Start of Block

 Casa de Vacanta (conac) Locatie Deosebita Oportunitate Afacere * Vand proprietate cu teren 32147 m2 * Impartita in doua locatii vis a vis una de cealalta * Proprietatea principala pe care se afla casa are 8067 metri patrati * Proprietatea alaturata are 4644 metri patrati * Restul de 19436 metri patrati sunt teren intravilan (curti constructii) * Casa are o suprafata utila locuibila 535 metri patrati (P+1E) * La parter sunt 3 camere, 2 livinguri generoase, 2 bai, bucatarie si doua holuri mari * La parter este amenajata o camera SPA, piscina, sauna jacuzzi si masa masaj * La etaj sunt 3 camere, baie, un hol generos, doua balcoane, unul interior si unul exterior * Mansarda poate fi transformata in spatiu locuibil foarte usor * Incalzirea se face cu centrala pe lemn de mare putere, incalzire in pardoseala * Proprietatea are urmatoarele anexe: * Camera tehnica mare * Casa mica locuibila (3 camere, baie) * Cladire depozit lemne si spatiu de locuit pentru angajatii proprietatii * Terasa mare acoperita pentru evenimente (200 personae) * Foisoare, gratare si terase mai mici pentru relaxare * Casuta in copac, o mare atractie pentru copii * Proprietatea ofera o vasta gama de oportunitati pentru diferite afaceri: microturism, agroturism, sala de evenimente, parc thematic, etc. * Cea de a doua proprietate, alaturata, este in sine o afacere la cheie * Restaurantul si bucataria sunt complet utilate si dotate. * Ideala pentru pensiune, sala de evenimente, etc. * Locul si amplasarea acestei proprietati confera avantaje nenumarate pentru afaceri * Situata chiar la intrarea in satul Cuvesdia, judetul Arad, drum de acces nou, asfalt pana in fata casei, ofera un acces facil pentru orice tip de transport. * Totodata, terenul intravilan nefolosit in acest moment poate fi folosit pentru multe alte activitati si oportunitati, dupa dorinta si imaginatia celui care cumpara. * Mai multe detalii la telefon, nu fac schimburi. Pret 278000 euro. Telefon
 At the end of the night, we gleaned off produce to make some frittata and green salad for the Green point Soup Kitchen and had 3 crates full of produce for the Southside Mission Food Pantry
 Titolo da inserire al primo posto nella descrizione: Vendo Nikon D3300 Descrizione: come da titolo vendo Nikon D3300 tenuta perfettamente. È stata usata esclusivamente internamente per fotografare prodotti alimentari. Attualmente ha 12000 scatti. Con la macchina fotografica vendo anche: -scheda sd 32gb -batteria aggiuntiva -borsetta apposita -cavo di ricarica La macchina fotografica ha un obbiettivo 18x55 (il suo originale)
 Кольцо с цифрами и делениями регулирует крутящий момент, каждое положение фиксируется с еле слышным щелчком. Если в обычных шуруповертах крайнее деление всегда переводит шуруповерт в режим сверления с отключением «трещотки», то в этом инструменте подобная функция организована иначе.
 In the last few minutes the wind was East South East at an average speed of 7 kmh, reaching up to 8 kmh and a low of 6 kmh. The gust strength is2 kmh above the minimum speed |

End of Block
Start of Block

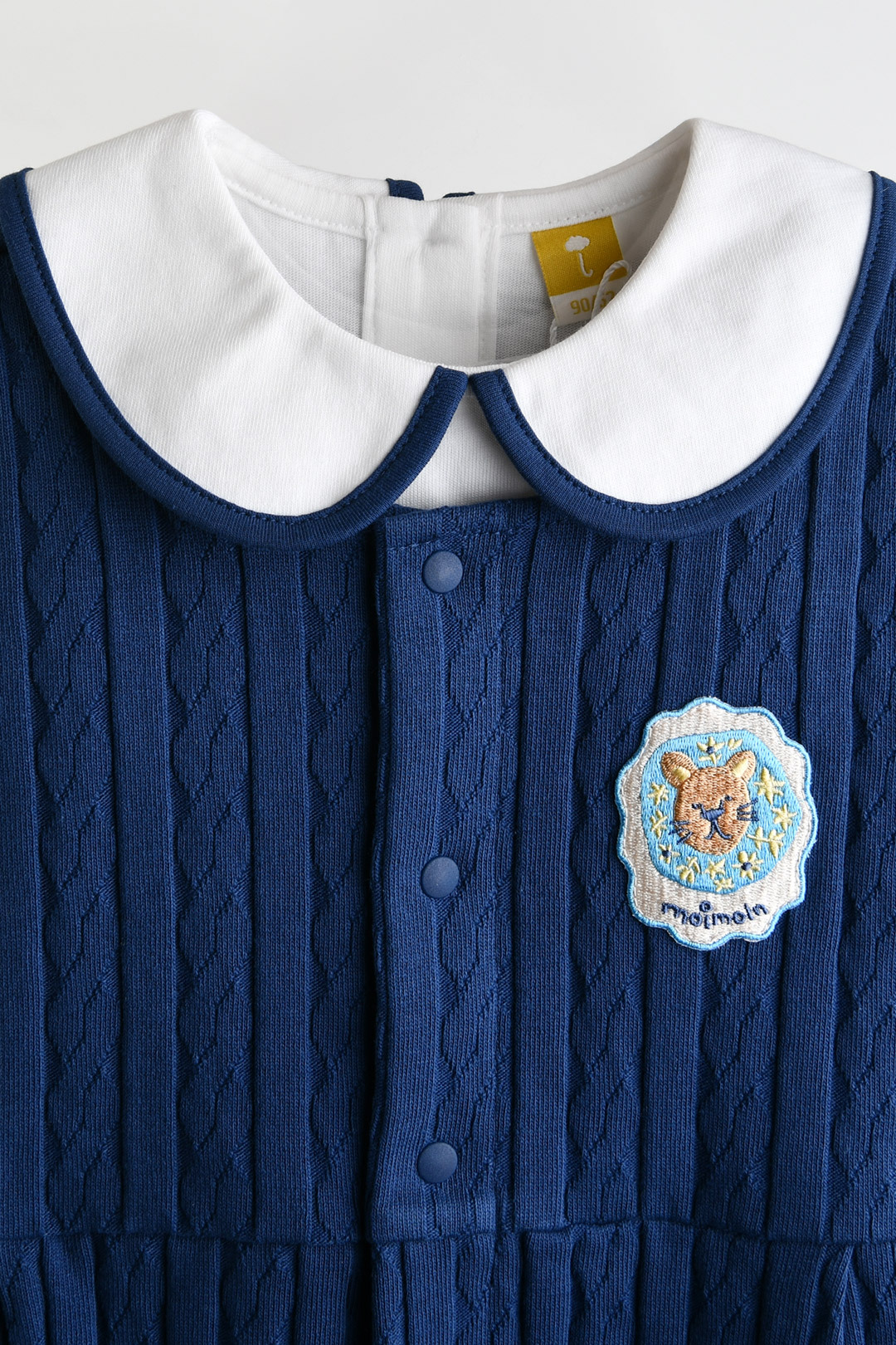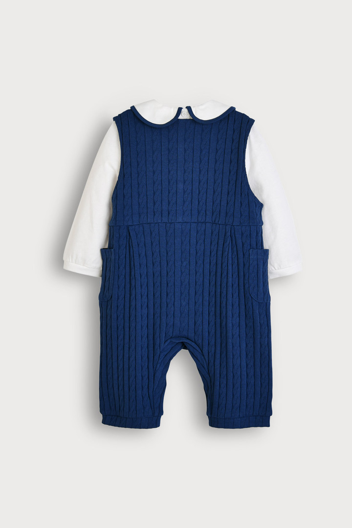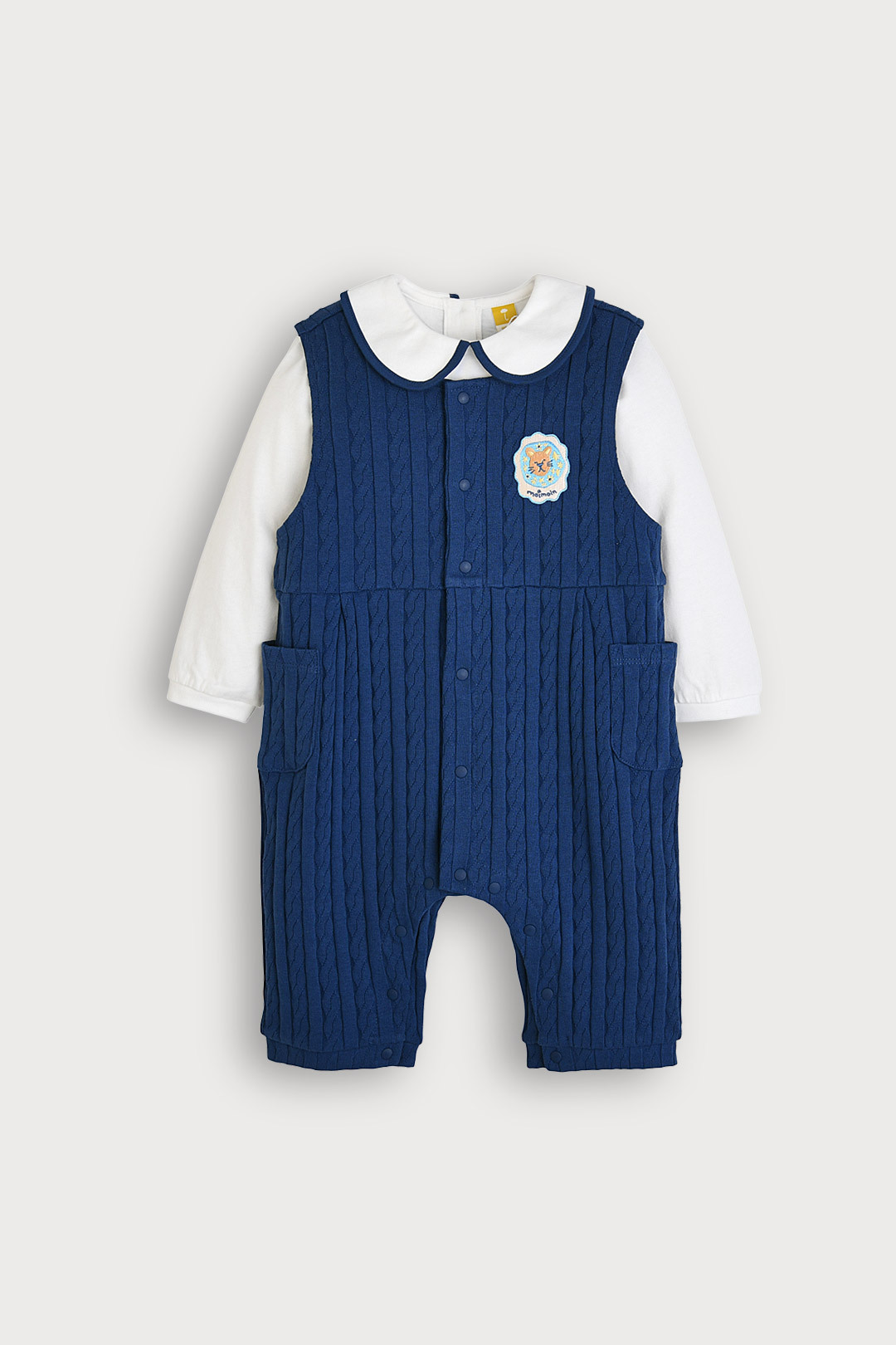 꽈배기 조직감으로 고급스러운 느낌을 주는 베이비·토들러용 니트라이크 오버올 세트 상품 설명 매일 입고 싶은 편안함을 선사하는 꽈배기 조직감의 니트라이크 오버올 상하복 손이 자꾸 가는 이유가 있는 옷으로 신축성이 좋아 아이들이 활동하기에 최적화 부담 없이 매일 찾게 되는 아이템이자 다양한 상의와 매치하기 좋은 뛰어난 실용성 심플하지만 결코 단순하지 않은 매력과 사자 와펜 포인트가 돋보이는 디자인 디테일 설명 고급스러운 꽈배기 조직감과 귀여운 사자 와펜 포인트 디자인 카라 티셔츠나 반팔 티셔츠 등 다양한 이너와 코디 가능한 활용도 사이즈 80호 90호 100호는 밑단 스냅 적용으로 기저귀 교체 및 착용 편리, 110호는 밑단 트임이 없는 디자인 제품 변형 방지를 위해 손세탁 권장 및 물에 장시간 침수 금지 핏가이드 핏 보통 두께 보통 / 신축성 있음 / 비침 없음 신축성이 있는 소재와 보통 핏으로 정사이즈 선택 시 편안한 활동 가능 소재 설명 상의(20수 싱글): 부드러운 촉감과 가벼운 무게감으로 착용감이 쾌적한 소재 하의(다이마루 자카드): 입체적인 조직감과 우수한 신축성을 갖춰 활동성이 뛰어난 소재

End of Block

ACTIVITY
From the entries above, return exactly the line containing "Casa de Vacanta", the line containing "At the end of", and all lines between, and nothing else.

SOLUTION TO THIS EXERCISE
 Casa de Vacanta (conac) Locatie Deosebita Oportunitate Afacere * Vand proprietate cu teren 32147 m2 * Impartita in doua locatii vis a vis una de cealalta * Proprietatea principala pe care se afla casa are 8067 metri patrati * Proprietatea alaturata are 4644 metri patrati * Restul de 19436 metri patrati sunt teren intravilan (curti constructii) * Casa are o suprafata utila locuibila 535 metri patrati (P+1E) * La parter sunt 3 camere, 2 livinguri generoase, 2 bai, bucatarie si doua holuri mari * La parter este amenajata o camera SPA, piscina, sauna jacuzzi si masa masaj * La etaj sunt 3 camere, baie, un hol generos, doua balcoane, unul interior si unul exterior * Mansarda poate fi transformata in spatiu locuibil foarte usor * Incalzirea se face cu centrala pe lemn de mare putere, incalzire in pardoseala * Proprietatea are urmatoarele anexe: * Camera tehnica mare * Casa mica locuibila (3 camere, baie) * Cladire depozit lemne si spatiu de locuit pentru angajatii proprietatii * Terasa mare acoperita pentru evenimente (200 personae) * Foisoare, gratare si terase mai mici pentru relaxare * Casuta in copac, o mare atractie pentru copii * Proprietatea ofera o vasta gama de oportunitati pentru diferite afaceri: microturism, agroturism, sala de evenimente, parc thematic, etc. * Cea de a doua proprietate, alaturata, este in sine o afacere la cheie * Restaurantul si bucataria sunt complet utilate si dotate. * Ideala pentru pensiune, sala de evenimente, etc. * Locul si amplasarea acestei proprietati confera avantaje nenumarate pentru afaceri * Situata chiar la intrarea in satul Cuvesdia, judetul Arad, drum de acces nou, asfalt pana in fata casei, ofera un acces facil pentru orice tip de transport. * Totodata, terenul intravilan nefolosit in acest moment poate fi folosit pentru multe alte activitati si oportunitati, dupa dorinta si imaginatia celui care cumpara. * Mai multe detalii la telefon, nu fac schimburi. Pret 278000 euro. Telefon
 At the end of the night, we gleaned off produce to make some frittata and green salad for the Green point Soup Kitchen and had 3 crates full of produce for the Southside Mission Food Pantry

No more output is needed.